Detailed Description of Advanced Departmental Electives
The department offers several advanced elective courses tailored to meet the demands of various specializations within computer engineering:
- Machine Learning: This course delves into supervised and unsupervised learning algorithms, deep neural networks, and reinforcement learning techniques. Students explore practical applications through hands-on projects involving data modeling and algorithm implementation.
- Cybersecurity: Designed to equip students with the skills needed to protect digital assets from threats, this course covers encryption methods, network security protocols, and ethical hacking practices. Practical labs involve setting up secure networks and identifying vulnerabilities.
- VLSI Design: This elective focuses on designing integrated circuits using hardware description languages like VHDL and Verilog. Students learn about logic synthesis, physical design, and testing methodologies used in semiconductor manufacturing.
- Computer Graphics: Students study rendering techniques, 3D modeling, and animation principles. Practical sessions include creating interactive graphics applications using OpenGL and DirectX frameworks.
- Advanced Database Systems: This course explores advanced database concepts such as transaction management, query optimization, and distributed databases. Students gain experience with Oracle, MySQL, and PostgreSQL systems through lab exercises.
- Cloud Computing: With the rise of cloud platforms, this course covers virtualization, containerization, and service models like IaaS, PaaS, and SaaS. Practical labs involve deploying applications on AWS and Azure environments.
- Data Mining and Analytics: This course teaches students how to extract meaningful insights from large datasets using statistical techniques and machine learning algorithms. Projects include building recommendation engines and predictive models.
- Quantum Computing: An emerging field, this elective introduces quantum mechanics principles and their application in computing. Students experiment with quantum simulators and learn about quantum algorithms and error correction methods.
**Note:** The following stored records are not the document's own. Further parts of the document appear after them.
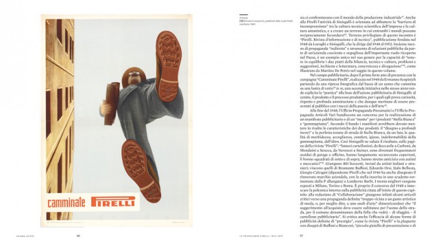 Attraverso centinaia di bozzetti, manifesti, inserzioni su giornali e riviste, viene esaltato il rapporto tra la Pirelli e gli artisti che hanno collaborato alla comunicazione pubblicitaria dell’azienda: dai pittori come Dudovich, Mazza e Cappiello ai pionieri della grafica pubblicitaria come Marcello Nizzoli, Renzo Bassi e Mario Duse. E nel dopoguerra la collaborazione tra arte e Pirelli si è addirittura intensificata, anche grazie al boom della grafica pubblicitaria nel nostro paese, diventata un’eccellenza a livello mondiale: Bruno Munari, Albe Steiner, Bob Noorda, Ezio Bonini, Giulio Confalonieri, Pino Tovaglia, Franco Grignani.
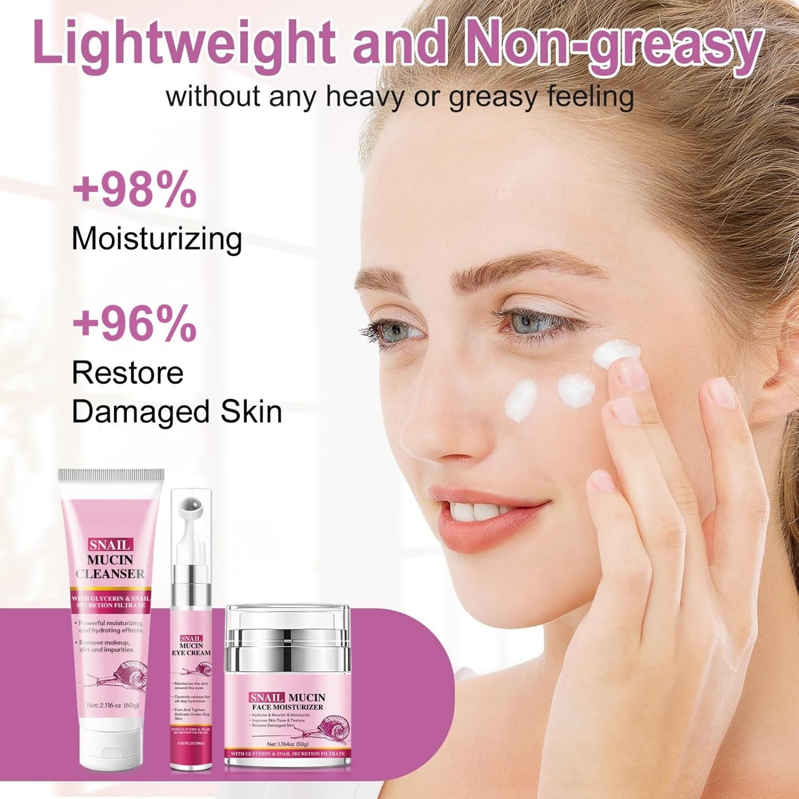 ✔ Deep Hydration & Repair – Infused with snail mucin moisturiser cream, this set locks in moisture for 24-hour softness and helps repair damaged skin.
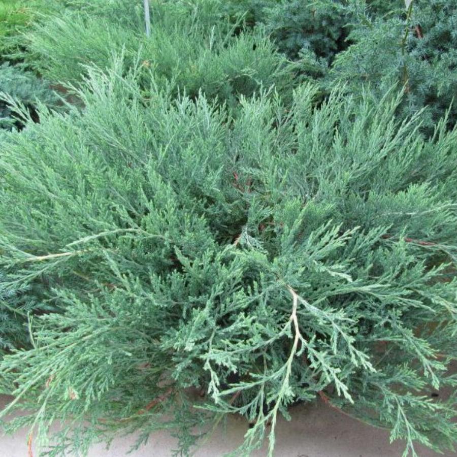 Карликовая форма. Кустарник. Высота 0,4 — 0.5 м, диаметр кроны 2 м. Крона стелющаяся. Кора серо-бурая. Хвоя чешуйчатая, серебристо-голубая. Растет медленно. Долговечен. Светолюбив, но выносит небольшое затенение. Предпочитает достаточно влажные, супесчаные почвы. Морозостоек. Применение: одиночные и групповые посадки. Используется как почвопокровное растение на каменистых горках. Считается самым голубым из сортов горизонтальных можжевельников.
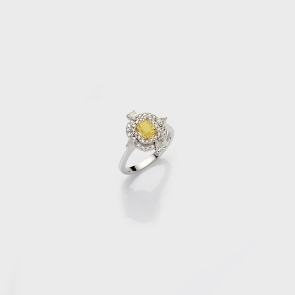 Weißgold, gest. 750. Zentral besetzt mit einem Fancy Intense Yellow-Diamanten von ca. 1,01 ct., entouriert von Brillanten von zus. ca. 1,00 ct.; Gew. ca. 4,99 g.
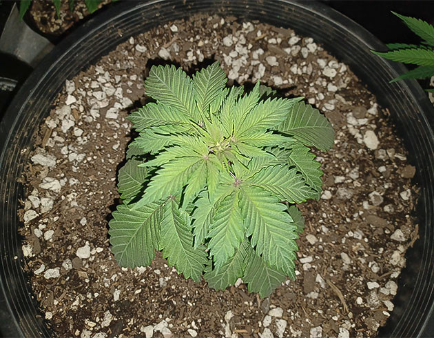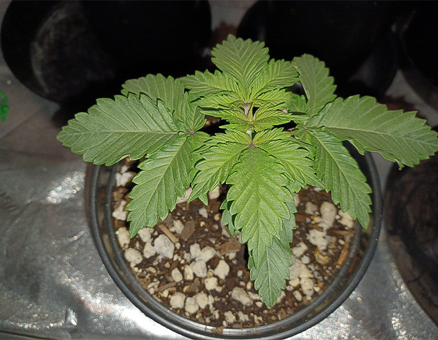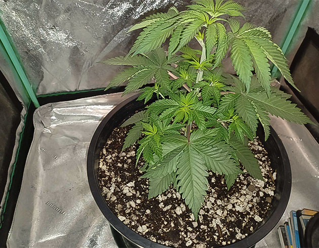 Следующую порцию воды с подкормкой растиха получила на 15-й день жизни. Поливал компотом с Sensi Cal-Mag Xtra и Grow Big по 1,3 мл/л каждого. Кустик сначала поник, а затем заметно взбодрился после полива и по моим прикидкам был готов к пересадке. В горшок на 25 литров раста переехала на 17-й день от семки и немного затормозила в развитии. Почва недостаточно просохла, и кустику было не совсем комфортно. До конца недели ситуация выровнялась, и моя индюха продолжила расти. Что касается влажности, то она плавает в пределах 30-40 %. Маловато, но раз с кустом всё ок, то и делать я ничего не буду.
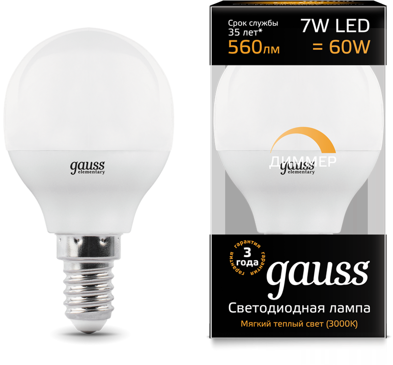 Gauss Лампа LED Шар-dim E14 7W 560lm 3000К диммируемая 105101107-D
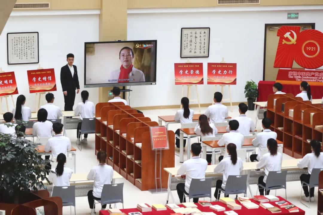 4月3日,在beat365中文官方网站图书馆的“党史学习厅”,第三临床医学院学生样板党支部的40余名学生党员、团学干部走进这里,通过党史书籍阅览、聆听党史微故事、分享学习党史的感受、观看红色电影等多种形式,开展了一次生动的党史学习教育。

- Embedded Systems: This course explores the design and implementation of systems that control physical processes. Topics include microcontroller programming, real-time operating systems, and IoT applications.
- Compiler Design: Students study lexical analysis, parsing techniques, code generation, and optimization strategies. The course includes a project to build a simple compiler for a custom programming language.
These advanced electives are taught by faculty members who are active researchers in their respective domains, ensuring that students receive current and relevant knowledge.
Project-Based Learning Philosophy
The department's philosophy on project-based learning is centered around real-world problem-solving. Students engage in both individual and group projects throughout the program to reinforce theoretical concepts with practical application.
Mini-projects are introduced from the second year, where students work on small-scale implementations of core concepts. These projects are typically completed over 4–6 weeks and involve iterative development cycles.
The final-year thesis or capstone project is a significant component of the curriculum, requiring students to undertake an in-depth investigation into a specific area of interest. The project must be innovative, technically sound, and aligned with current industry trends.
Students are encouraged to select projects based on their interests and career goals, with faculty mentors providing guidance throughout the process. Selection criteria include academic performance, prior project experience, and alignment with research areas within the department.
The evaluation criteria for these projects include technical correctness, innovation, presentation quality, and documentation standards. A committee evaluates each project during a formal defense session, ensuring that students can articulate their work clearly and respond to queries effectively.